The DataHub integration for Mode covers BI entities such as dashboards, charts, datasets, and related ownership context. Depending on module capabilities, it can also capture features such as lineage, usage, profiling, ownership, tags, and stateful deletion detection.
Concept Mapping
While the specific concept mapping is still pending, this shows the generic concept mapping in DataHub.
| Source Concept | DataHub Concept | Notes |
|---|---|---|
| Platform/account/project scope | Platform Instance, Container | Organizes assets within the platform context. |
| Core technical asset (for example table/view/topic/file) | Dataset | Primary ingested technical asset. |
| Schema fields / columns | SchemaField | Included when schema extraction is supported. |
| Ownership and collaboration principals | CorpUser, CorpGroup | Emitted by modules that support ownership and identity metadata. |
| Dependencies and processing relationships | Lineage edges | Available when lineage extraction is supported and enabled. |
Module mode
Important Capabilities
| Capability | Status | Notes |
|---|---|---|
| Asset Containers | ✅ | Enabled by default. |
| Column-level Lineage | ✅ | Supported by default. |
| Descriptions | ✅ | Enabled by default. |
| Detect Deleted Entities | ✅ | Enabled by default via stateful ingestion. |
| Extract Ownership | ✅ | Enabled by default. |
| Platform Instance | ✅ | Enabled by default. |
| Table-Level Lineage | ✅ | Supported by default. |
Overview
The mode module ingests metadata from Mode into DataHub. It is intended for production ingestion workflows and module-specific capabilities are documented below.
Prerequisites
Before running ingestion, ensure network connectivity to the source, valid authentication credentials, and read permissions for metadata APIs required by this module.
Authentication
Generate an API token and password following Mode's Authentication documentation.
Mode requires a user account for authentication (no service accounts). Consider creating a dedicated user for DataHub ingestion.
Permissions
DataHub ingestion requires the user to have the following permissions:
Have at least the "Member" role.
For each Connection, have at least"View" access.

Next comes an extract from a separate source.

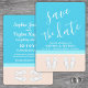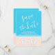 Meddela de glatta nyheterna om din förlovning och det kommande strandbröllopet med ett unikt monogram för anpassningsbar spara datuminbjudningarna. Alla formuleringar i den här mallen är enkla att anpassa. (IMAGE PLACEMENT TIP: Ett enkelt sätt att centrera ett foto exakt som du vill är att flytta det till skörd innan du laddar upp det till Zazzle-webbplatsen.) Pastellpersikan och turkosplåret med blå design har en ljusvit typografi och söt monogrammad flinflip flops på en abstrakt modern minimalistisk strand. Den handskrivna kalligrafin i stil-manuset är tänkt att likna himlar som skriver ovanför havet. Det här snyggt tillkännagivandet av tropisk förlovning är ett elegant sätt att informera familj och vänner om ditt kommande destinationsbröllop firande i paradiset. Grattisar till bruden och brudgummen!

To check Connection permissions, navigate to "Workspace Settings" → "Manage Connections". For each connection in the list, click on the connection → "Permissions". If the default workspace access is "View" or "Query", you're all set for that connection. If it's "Restricted", you'll need to individually grant your ingestion user View access.
For each Space, have at least "View" access.
To check Collection permissions, navigate to the "My Collections" page as an Admin user. For each collection with Workspace Access set to "Restricted" access, the ingestion user must be manually granted the "Viewer" access in the "Manage Access" dialog. Collections with "All Members can View/Edit" do not need to be manually granted access.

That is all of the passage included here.